L’Amérique, l’Amérique, je veux l’avoir et je l’aurai
L’Amérique, l’Amérique, si c’est un rêve, je le saurai
L’Amérique, l’Amérique, si c’est un rêve, je rêverai
L’Amérique, l’Amérique, si c’est un rêve, je veux rêver

Source : Paroles.net

Que reste-t-il du rêve 50 ans plus tard ?

La mascarade de débat entre Trump et Biden fournit des éléments de réponse peu encourageants : deux vieillards cacochymes en quête d’un pouvoir dont la responsabilité les dépasse visiblement s’insultent copieusement devant un journaliste consterné par le niveau de débilité des deux protagonistes. Si des écoliers s’apostrophaient de manière similaire en classe de primaire, on les enverrait au coin, ou chez le proviseur. Mais ce sont des adultes, un peu diminués certes, mais ayant théoriquement la sagesse et la modération nécessaires pour contrôler l’une des nations les plus puissantes du monde. Quand un candidat dit en substance « Ferme ta gueule, mec » en public à un président en exercice, l’une des rares personnes au monde ayant le pouvoir de lancer l’arme nucléaire, il y a un souci. Même si en l’occurrence on peut comprendre et excuser le mouvement d’humeur de Joe Biden.

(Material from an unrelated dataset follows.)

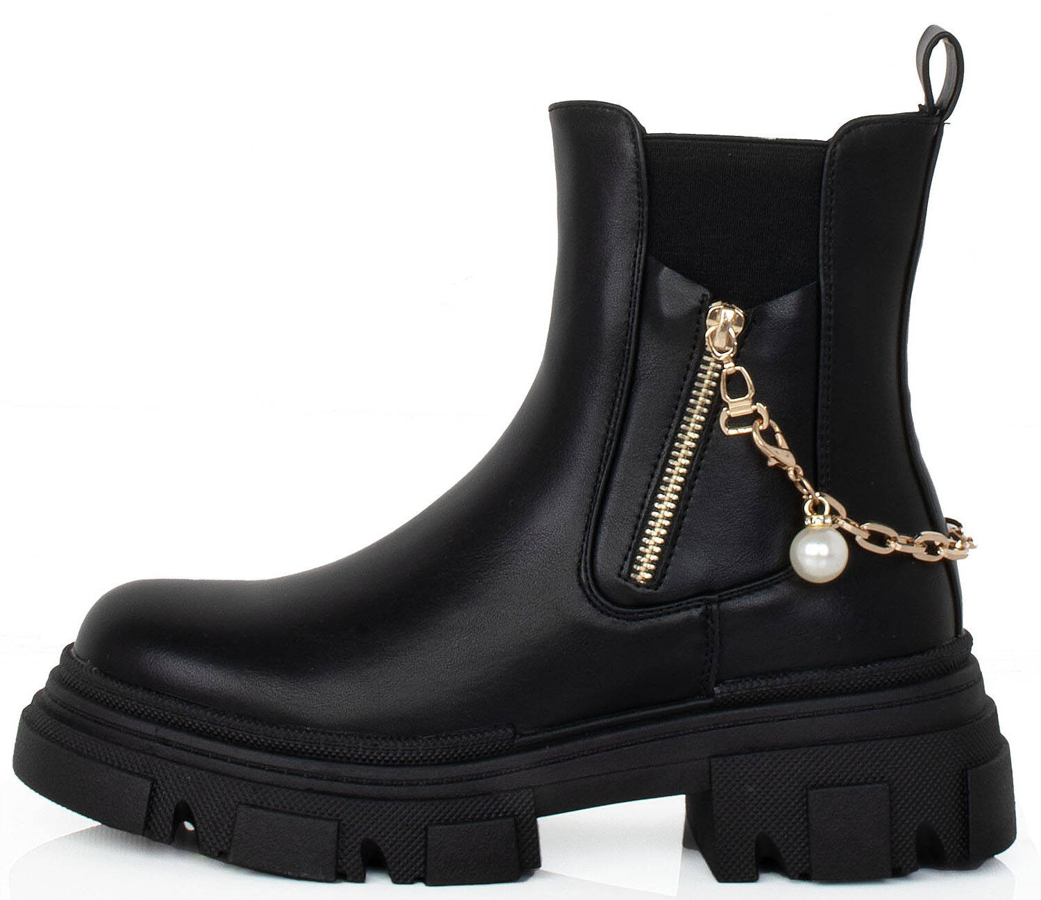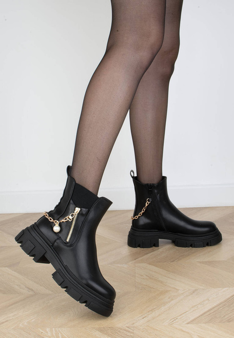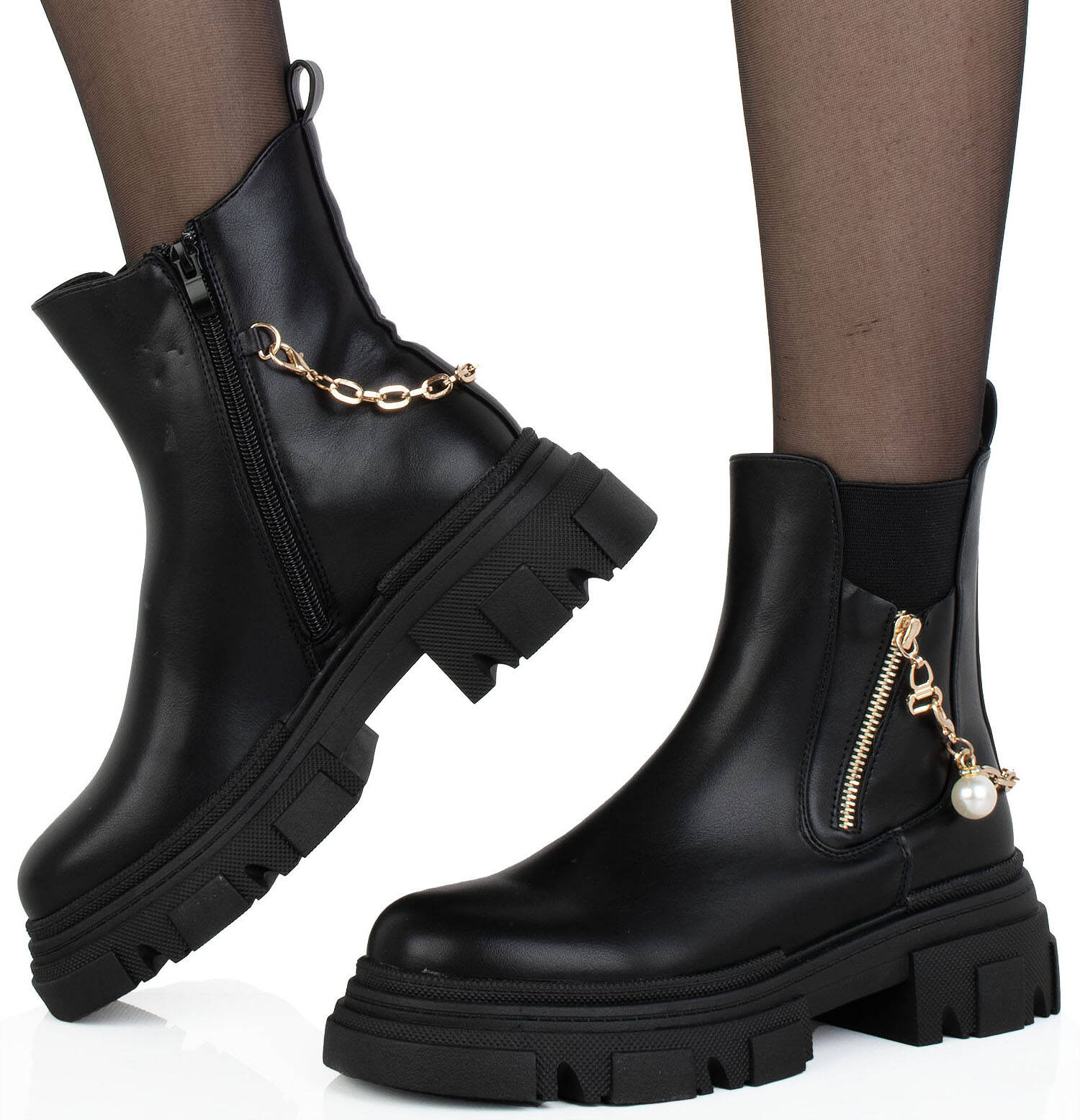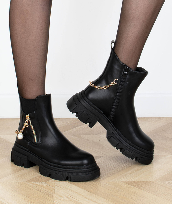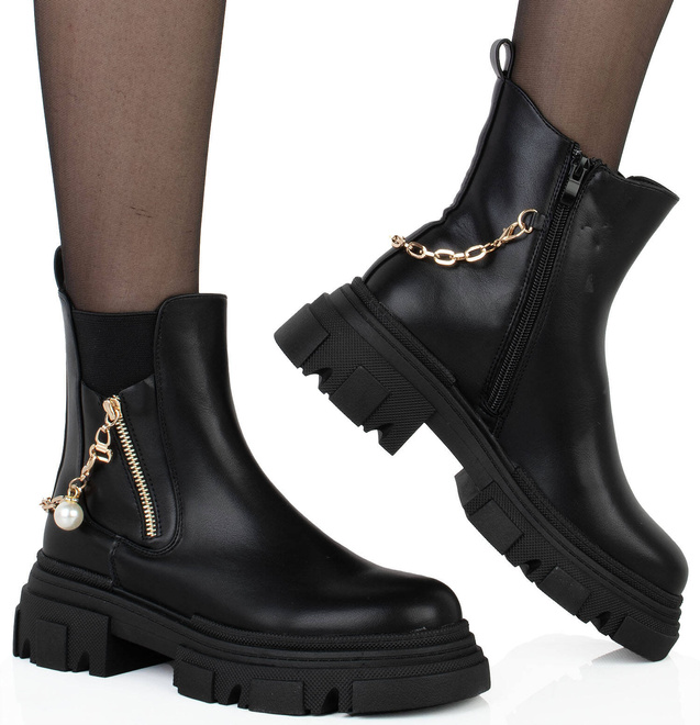 Stylowe botki na platformie, które łączą w sobie wygodę, modny design i subtelny akcent ozdobny w postaci łańcuszka wokół cholewki. Ten model botków to idealny wybór dla osób ceniących komfort i elegancję.

Des traumatismes raciaux récurrents qui ressortent avec une violence sans cesse renouvelée et exacerbée par des mouvements suprémacistes souvent proches du pouvoir pourrissent le climat social de plusieurs états de l’Union. Divers mouvements citoyens (comme Black Lives Matter pour la communauté afro-américaine, avec des mouvements correspondants dans les communautés amérindiennes, latino ou asiatiques) se sont constitués pour lutter contre le racisme encore très présent dans les milieux conservateurs; mais ces mouvements tendent à être considérés comme des fauteurs de trouble et de désordre plutôt que comme des interlocuteurs sociaux.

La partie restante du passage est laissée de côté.